▶ _Brief_:
Starting with the line that holds "先日より、教育実習生がきてい", reproduce each line through the last one of the data, exactly as written. Pictures are not copied.

▶ _Provided material_:

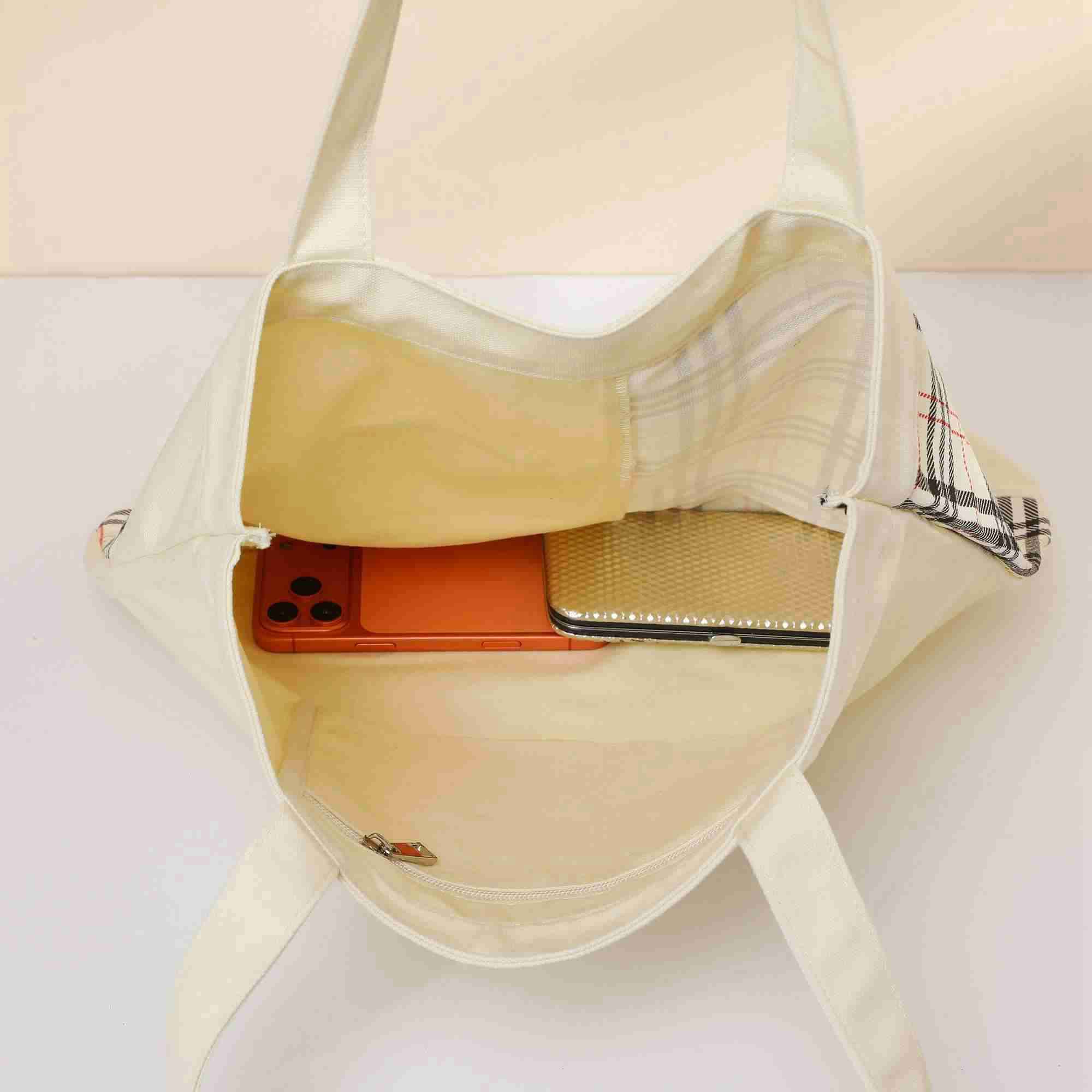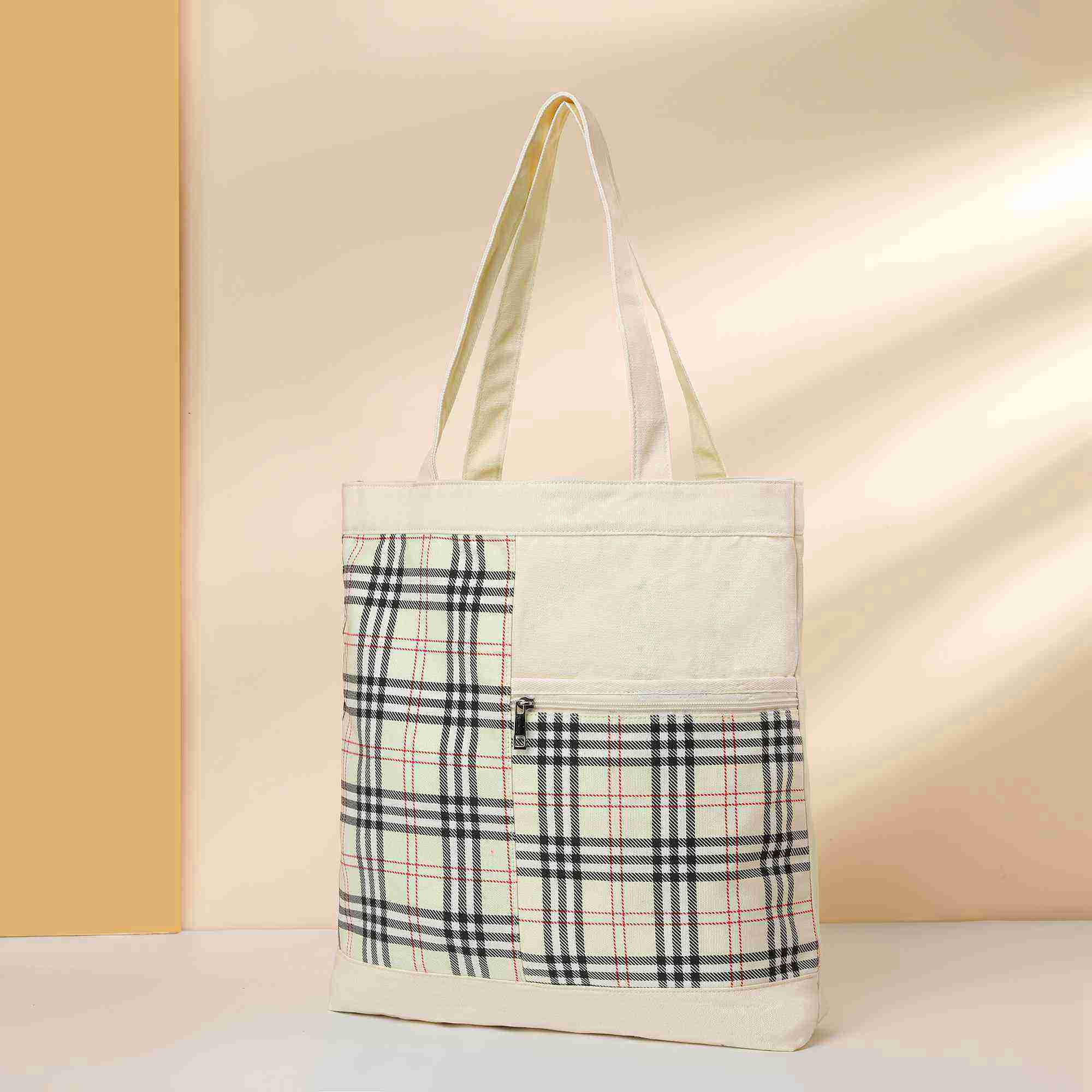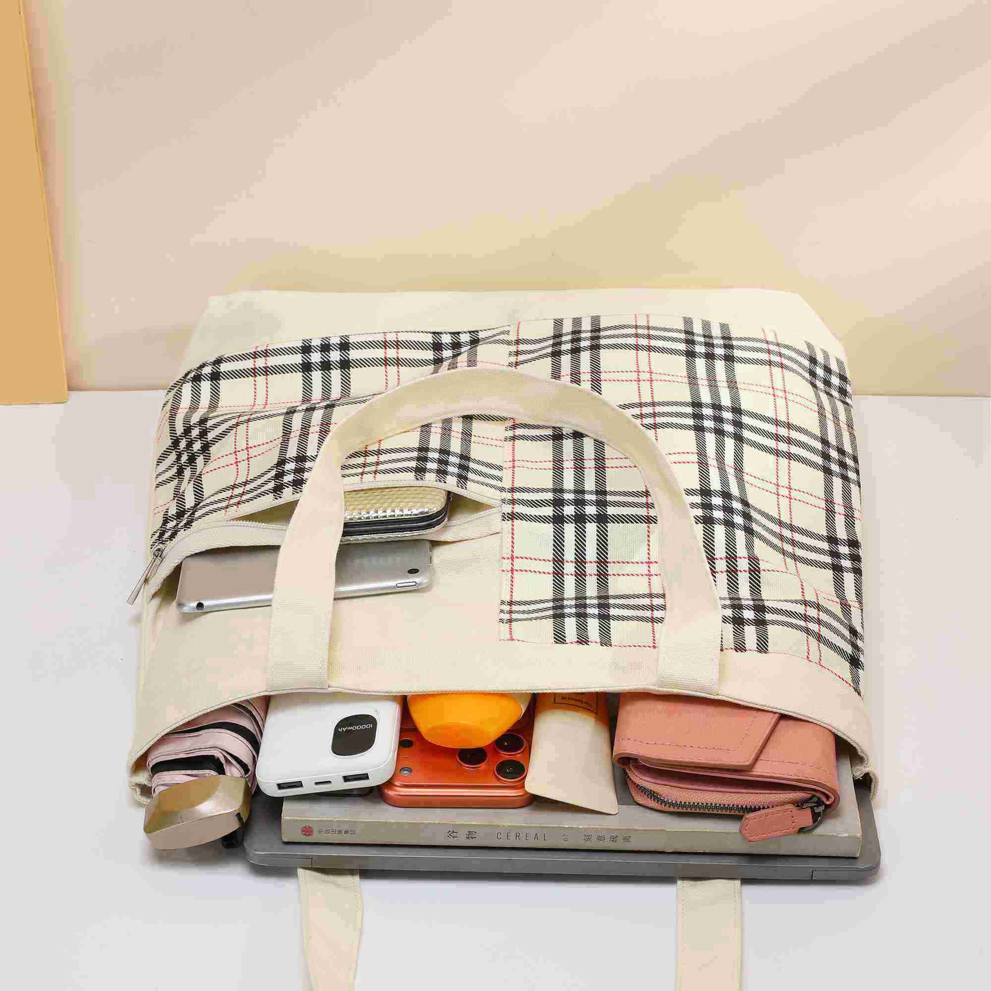 Women's Custom Lattice Pattern Canvas Tote Bag with Printed Logo Reusable Shopping Bag with Outside Zipper
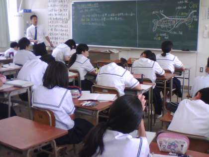 先日より、教育実習生がきています。担当教科は社会科目です。本日は、2年生で教科実習授業をおこないました。(写真左)
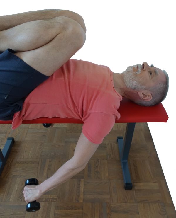 - Führe die oben beschriebene Frontalabduktion in den Schultergelenken in Rückenlage aus, z.B. auf einer Hantelbank, näheres siehe Details.

▶ _Your response_:
 先日より、教育実習生がきています。担当教科は社会科目です。本日は、2年生で教科実習授業をおこないました。(写真左)
 - Führe die oben beschriebene Frontalabduktion in den Schultergelenken in Rückenlage aus, z.B. auf einer Hantelbank, näheres siehe Details.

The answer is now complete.